Data items
[Start of Attachment]
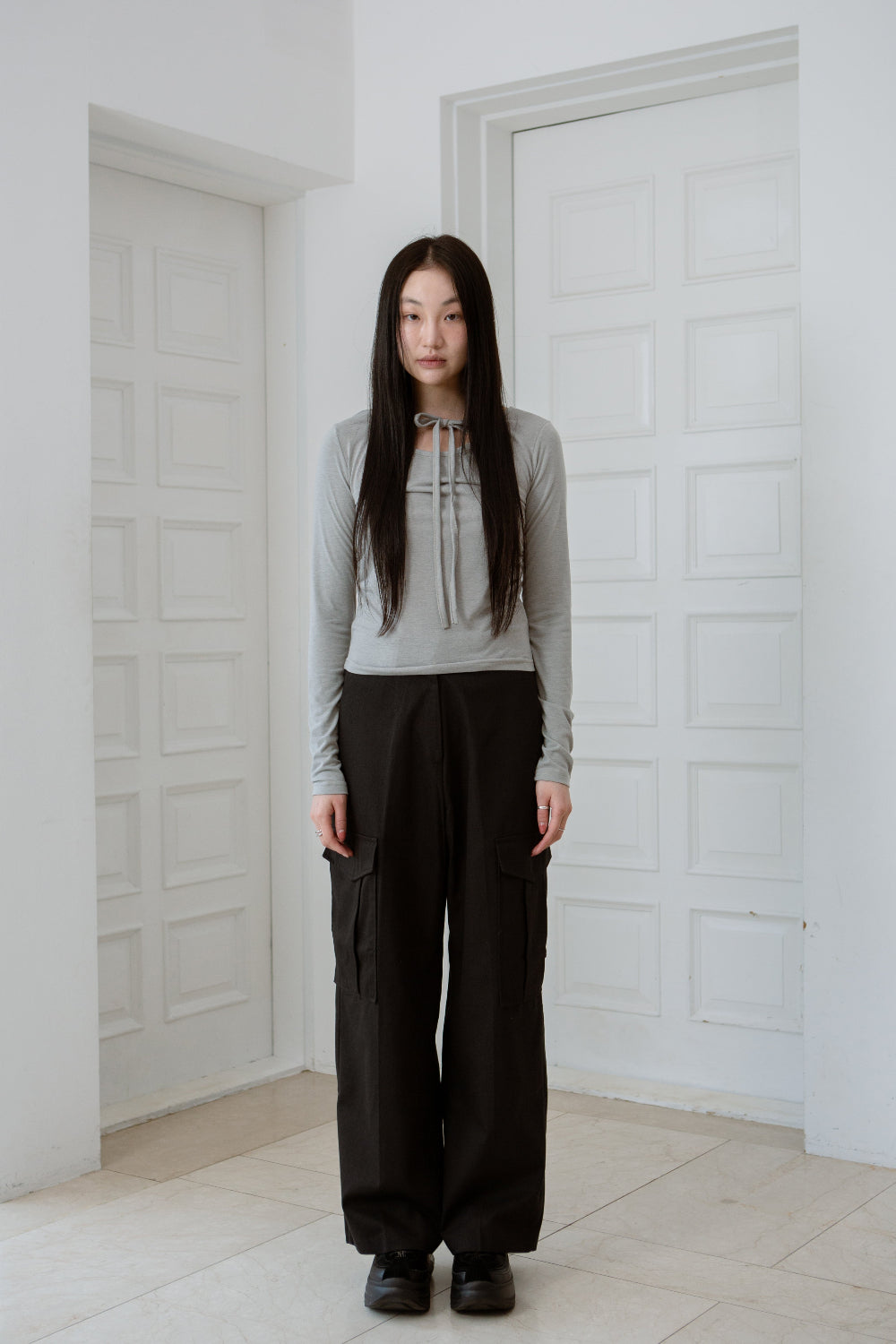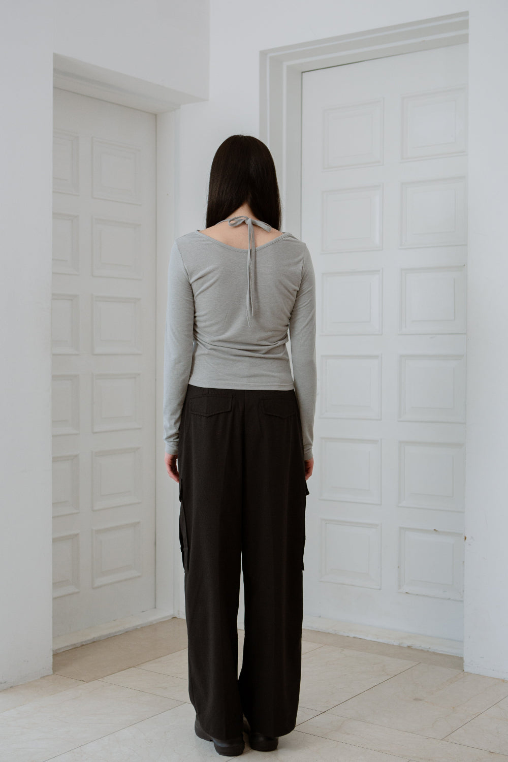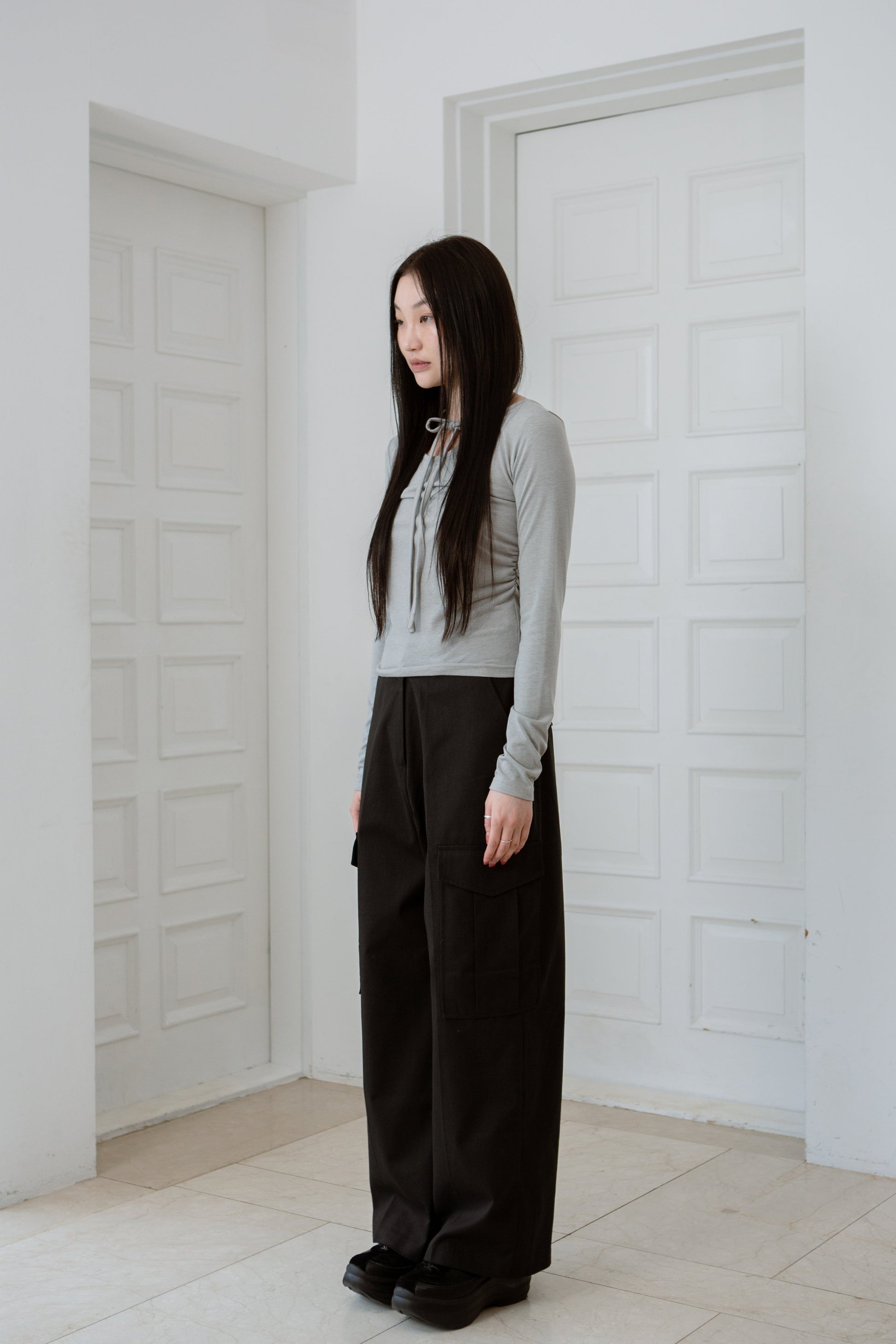 Tie string detail, to be tied either in front or at the back adds dimension, versatility and uniqueness to this wardrobe staple. Subtle ruche design at side for a more shapely silhouette.
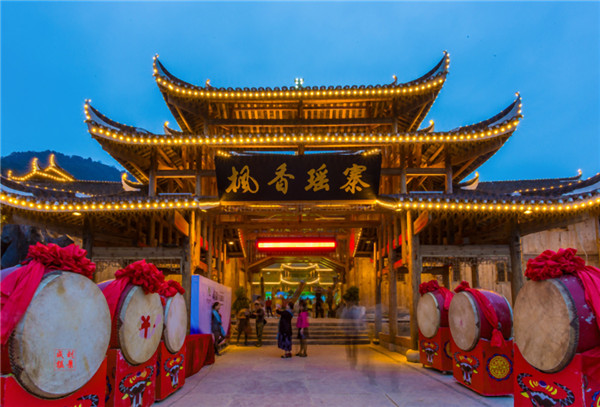 枫香瑶寨位于湖南省怀化市溆浦县统溪河镇,坐落于诗溪江大峡谷左岸,响水洞左侧。枫香坪峭壁顶端,呈金斗金盆状,是一家集农耕文化博物管、文体广场游、餐饮、会议、住宿、健身、棋牌娱乐为一体的休闲避暑度假山庄。总面积120余亩,由三栋木质大楼和一条文化长廊形成四合院结构,其中拥有客房41间,有2个多功能厅集餐饮会议于一体,还设有花瑶商铺、特产商店,供游客所需并带回去与家人朋友分享。
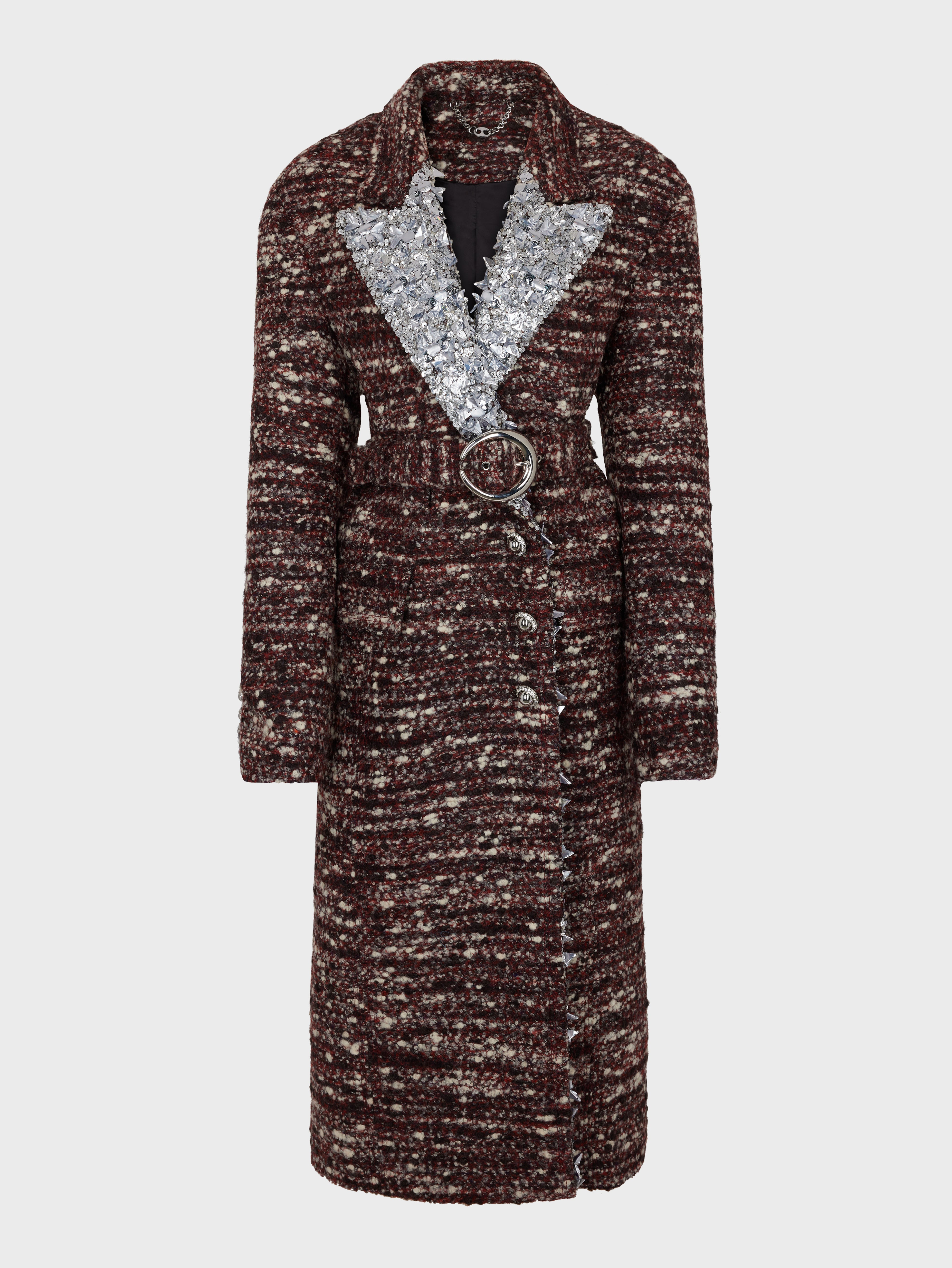 Tailored coat in boucle wool, adorned with sequin details. - Color: Chine Purple - Composition: 82%Virgin wool, 18% Polyester - Made in Morocco Size & Fit - Model's height: 180 cm / 5ft 11in - Model wears a size FR 36 / UK 8 / US 4 - This style is true-to-size - We recommend your usual size.
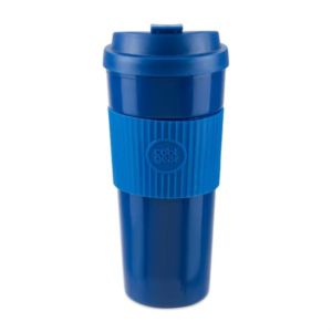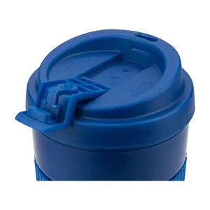 19 oz. travel coffee cup with double wall construction, flip-tab lid and TPR band.
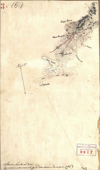 "Rilievi disegnati a penna su carta da disegno montata su tela, sono 23 spezzoni di confine su 12 tavole realizzati nel 1913 dalla Commissione Italo - Austriaca per la delimitazione dei confini Nord - Orientali dell' Albania."
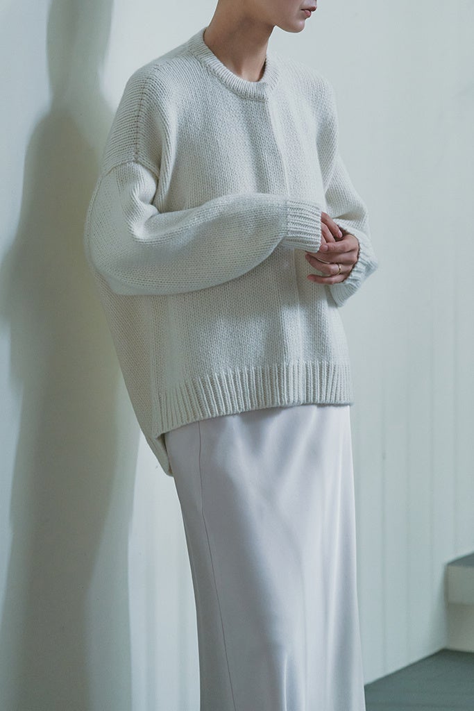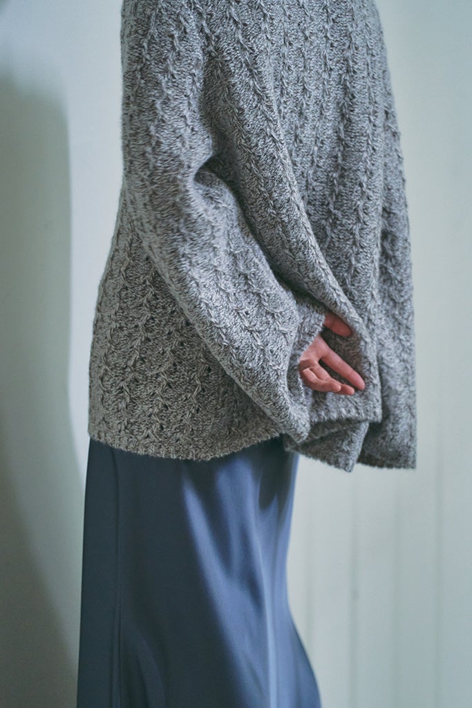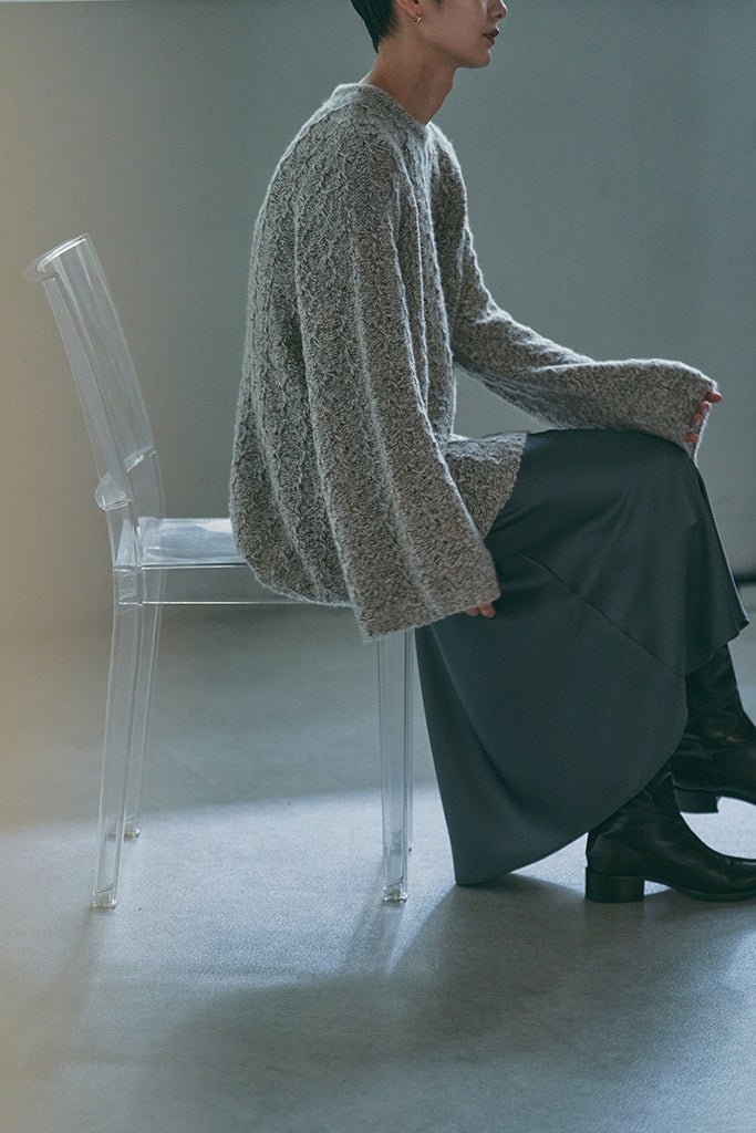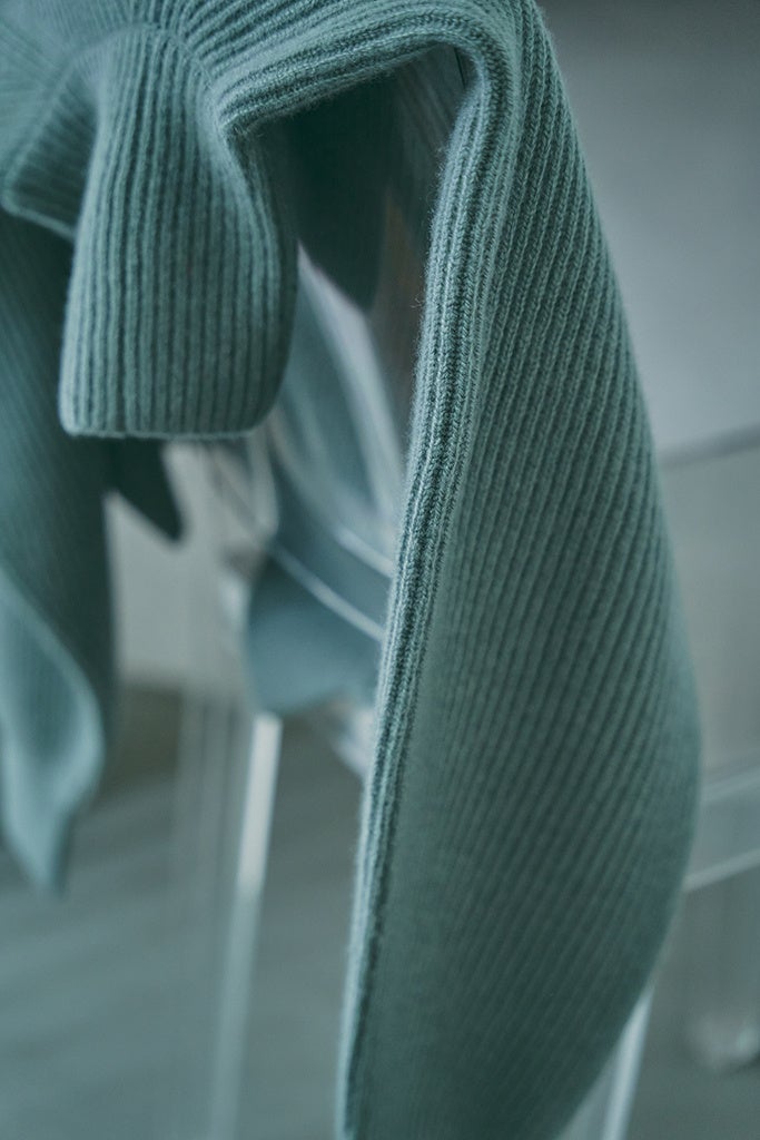 カシミヤとシルクのミックス糸に空気を含み、ふんわりとした質感に仕上げました。
[End of Attachment]
→ YOUR ASSIGNMENT
Every line from the one containing "Tailored coat in" through the final line of the records above is to be written out exactly; nothing else, and no pictures.

→ YOUR SOLUTION
 Tailored coat in boucle wool, adorned with sequin details. - Color: Chine Purple - Composition: 82%Virgin wool, 18% Polyester - Made in Morocco Size & Fit - Model's height: 180 cm / 5ft 11in - Model wears a size FR 36 / UK 8 / US 4 - This style is true-to-size - We recommend your usual size.
 19 oz. travel coffee cup with double wall construction, flip-tab lid and TPR band.
 "Rilievi disegnati a penna su carta da disegno montata su tela, sono 23 spezzoni di confine su 12 tavole realizzati nel 1913 dalla Commissione Italo - Austriaca per la delimitazione dei confini Nord - Orientali dell' Albania."
 カシミヤとシルクのミックス糸に空気を含み、ふんわりとした質感に仕上げました。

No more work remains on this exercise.